Apparently I’d stumbled on the shamanic version of Snow White. An emerald-green stone casket—not really a casket, more a cocoon—was buried beneath the pit, and Annie Muldoon lay within the cocoon. Quiet, soothing power pulsed from it, bringing a soft and unexpected scent of mist and leaves with it. I pushed my right arm into the crack, seeing if I could touch the cocoon.

I couldn’t, quite. It had been well buried. I twisted to look toward the vortex, wondering if the cocoon had in fact been
really
well buried and that the vortex was only just now managing to tear its way through the earth to reach it. Assuming the shards of quartz in the cliff were related to the casket, it seemed fairly likely. Which meant—

Well. It meant we’d barely timed this right. If Morrison and I had been half a day later in arriving from North Carolina, the vortex would’ve gotten to Annie before I did. As it stood, I was afraid to dig her out for fear we’d both go flying up into the great mouth of darkness in the sky. I was going to have to go down to her.
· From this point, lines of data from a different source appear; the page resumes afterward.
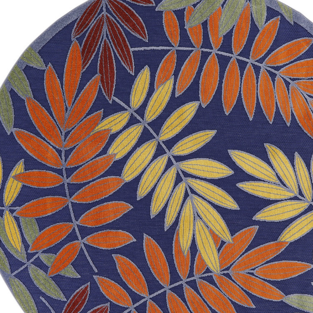 floral indoor outdoor area rug, indoor outdoor area rug, outdoor area rug, blue orange round floral indoor, round floral indoor outdoor area |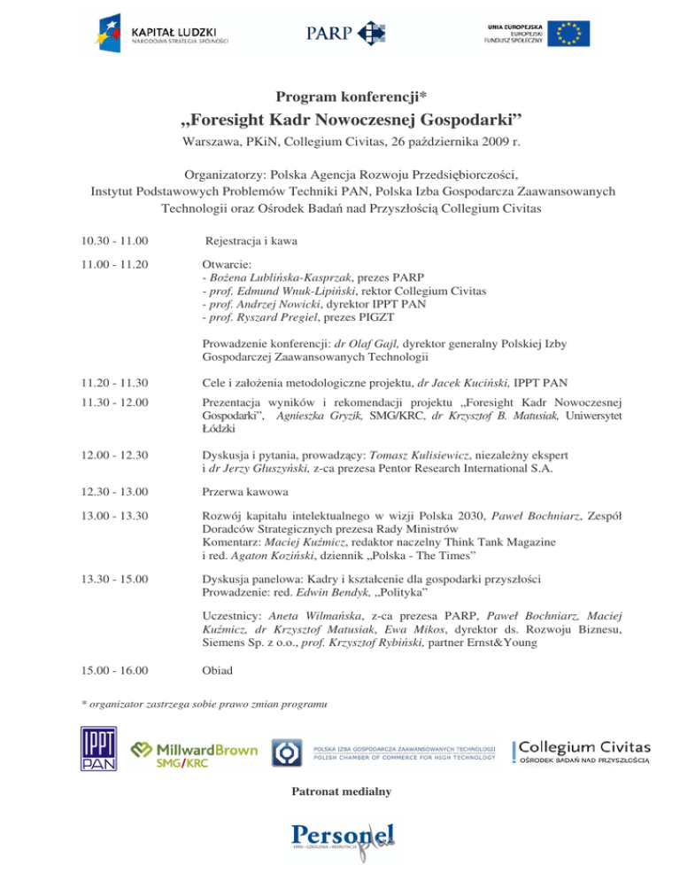 Program konferencji* „Foresight Kadr Nowoczesnej Gospodarki” Warszawa, PKiN, Collegium Civitas, 26 października 2009 r. Organizatorzy: Polska Agencja Rozwoju Przedsiębiorczości, Instytut Podstawowych Problemów Techniki PAN, Polska Izba Gospodarcza Zaawansowanych Technologii oraz Ośrodek Badań nad Przyszłością Collegium Civitas 10.30 - 11.00 Rejestracja i kawa 11.00 - 11.20 Otwarcie: - Bożena Lublińska-Kasprzak, prezes PARP - prof. Edmund Wnuk-Lipiński, rektor Collegium Civitas - prof. Andrzej Nowicki, dyrektor IPPT PAN - prof. Ryszard Pregiel, prezes PIGZT Prowadzenie konferencji: dr Olaf Gajl, dyrektor generalny Polskiej Izby Gospodarczej Zaawansowanych Technologii 11.20 - 11.30 Cele i założenia metodologiczne projektu, dr Jacek Kuciński, IPPT PAN 11.30 - 12.00 Prezentacja wyników i rekomendacji projektu „Foresight Kadr Nowoczesnej Gospodarki”, Agnieszka Gryzik, SMG/KRC, dr Krzysztof B. Matusiak, Uniwersytet Łódzki 12.00 - 12.30 Dyskusja i pytania, prowadzący: Tomasz Kulisiewicz, niezależny ekspert i dr Jerzy Głuszyński, z-ca prezesa Pentor Research International S.A. 12.30 - 13.00 Przerwa kawowa 13.00 - 13.30 Rozwój kapitału intelektualnego w wizji Polska 2030, Paweł Bochniarz, Zespół Doradców Strategicznych prezesa Rady Ministrów Komentarz: Maciej Kuźmicz, redaktor naczelny Think Tank Magazine i red. Agaton Koziński, dziennik „Polska - The Times” 13.30 - 15.00 Dyskusja panelowa: Kadry i kształcenie dla gospodarki przyszłości Prowadzenie: red. Edwin Bendyk, „Polityka” Uczestnicy: Aneta Wilmańska, z-ca prezesa PARP, Paweł Bochniarz, Maciej Kuźmicz, dr Krzysztof Matusiak, Ewa Mikos, dyrektor ds. Rozwoju Biznesu, Siemens Sp. z o.o., prof. Krzysztof Rybiński, partner Ernst&Young 15.00 - 16.00 Obiad * organizator zastrzega sobie prawo zmian programu Patronat medialny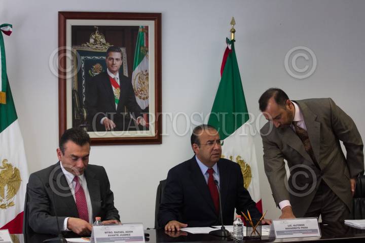 MÉXICO, D.F., 22AGOSTO2013.- César Alberto Martínez Baranda, Director General del Instituto Fonacot y Jesús Alfonso Navarrete Prida, Secretario del Trabajo y Prevensión Social, durante la firma del Plan Estratégico Infonacot 2013-2018. FOTO: ADOLFO VLADIMIR /CUARTOSCURO.COM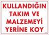 Kullandığın Takım ve Malzemeyi Yerine Koy Uyarı Levhası 25x35 KOD:233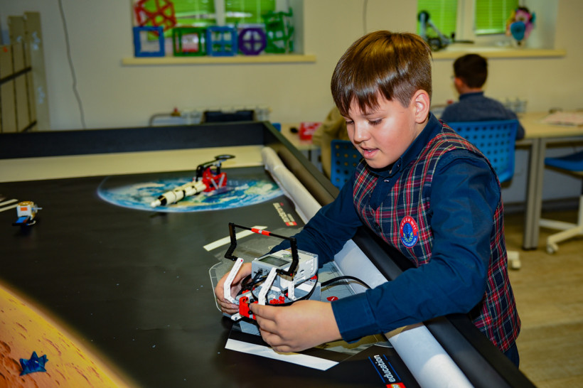 Так, на «Промробоквантуме» в детском технопарке ребята собирали спасательный аппарат, который должен был вытащить из кратера застрявший луноход и добыть руду из метеоритов. Для этого педагоги заранее подготовили площадку: на столе с изображением космоса и планет расположили космическую станцию, спутники, звездолеты.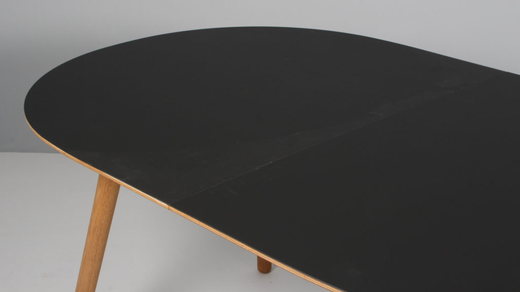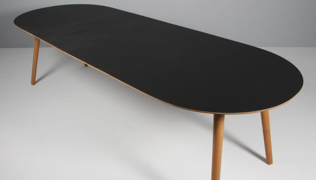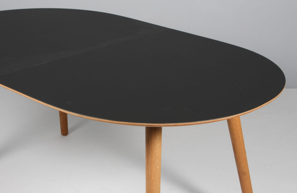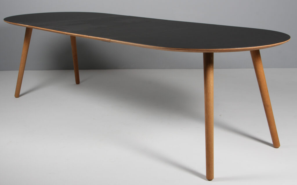 Via Copenhagen spisebord af eg og linoleum. To plader. Fremstillet for Via Copenhagen. H. 74 B. 100 L. 160 +2×50 cm. Udstillingsmodel
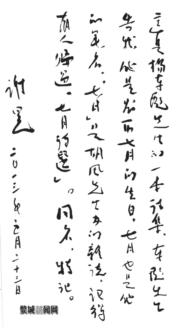 谢冕为《七月诗选》题词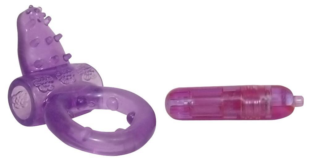 Tra l’anello per pene a rilievi (Ø ca. 2,5 cm, espandibile) e lo stimolatore del clitoride a rilievi si trova un mini-vibratore! Color viola. Materiale: TPE, ABS. Incluse batterie.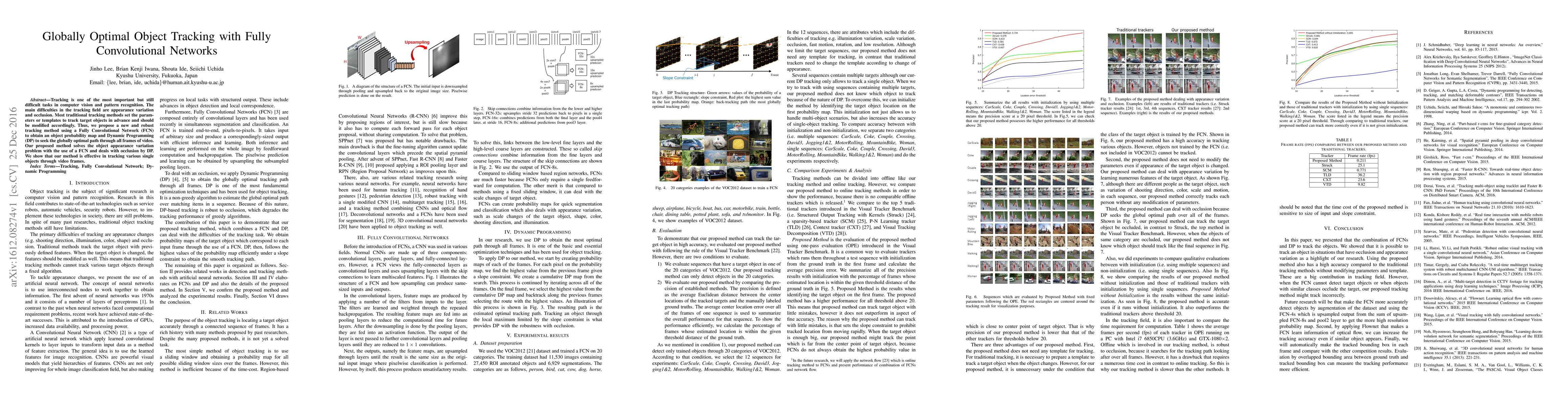 This paper proposes a robust tracking method using Fully Convolutional Networks (FCN) for generating an object probability map and Dynamic Programming (DP) to find the globally optimal path through video frames. The FCN addresses appearance variation, while DP handles occlusion, demonstrating effective single object tracking across video frames.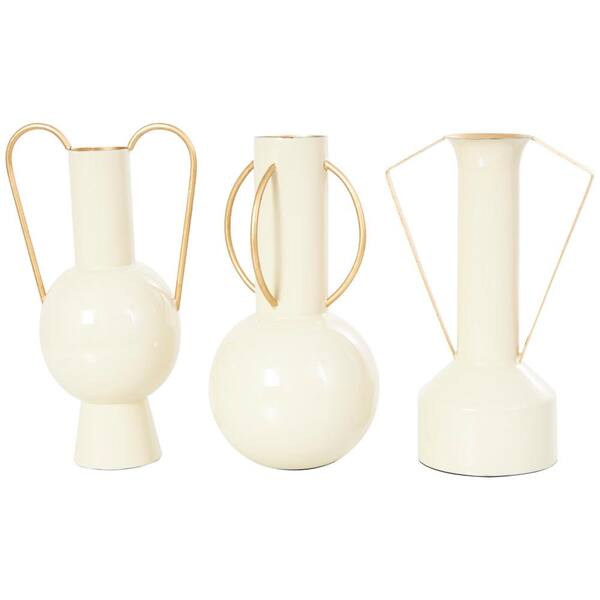 Cream Metal Abstract Decorative Vase with Varying Shapes and Geometric Gold Handles (Set of 3)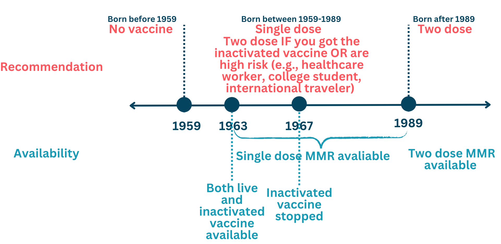 Between 1959 and 1963: No MMR vaccine was available. But you still need to be vaccinated.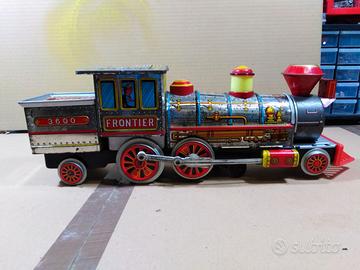 Locomotiva in latta a batterie Frontier 3600 della Modern Toys (Japan), ben conservata e perfettamente funzionante (movimento, luci e suoni), nessuna ossidazione nel vano batterie. Si tratta di un modello raro, è quello più lungo prodotto dalla Modern Toys (45 cm). Richiesta: 70,00 euro poco trattabile. Ritiro a mano su Firenze oppure posso spedire con pacco tracciato delle Poste Italiane (+10,0 euro compreso imballo). In caso di spedizione, data la fragilità dell’oggetto, non rispondo di eventuali danni che si potrebbero causare nel trasporto. Se l’oggetto è sempre presente, vuol dire che è ancora disponibile.

Goose bumps stood on the back of my neck and swept down my arms, sending a chill into my belly, where it churned around a little bit. I had never had a problem with enclosed spaces until two weeks ago, when I’d had to make a mad run out of a collapsing cave system. Since then, I’d discovered a growing tendency toward heebie-jeebies when presented with squeezing myself into tight spaces, which had happened more often than seemed reasonable in a mere two weeks. The upshot was a quick internal lecture about tough luck and the lesson therein, not that I could think of any useful lessons beyond “Stop getting embroiled in mystical altercations that squish you into crevasses and cracks,” which seemed like sound, but possibly unfollowable, advice.

I knocked some of the thinning pit floor away with my elbows and knees while ruminating over all of that, and fell five feet onto Annie Muldoon’s crypt.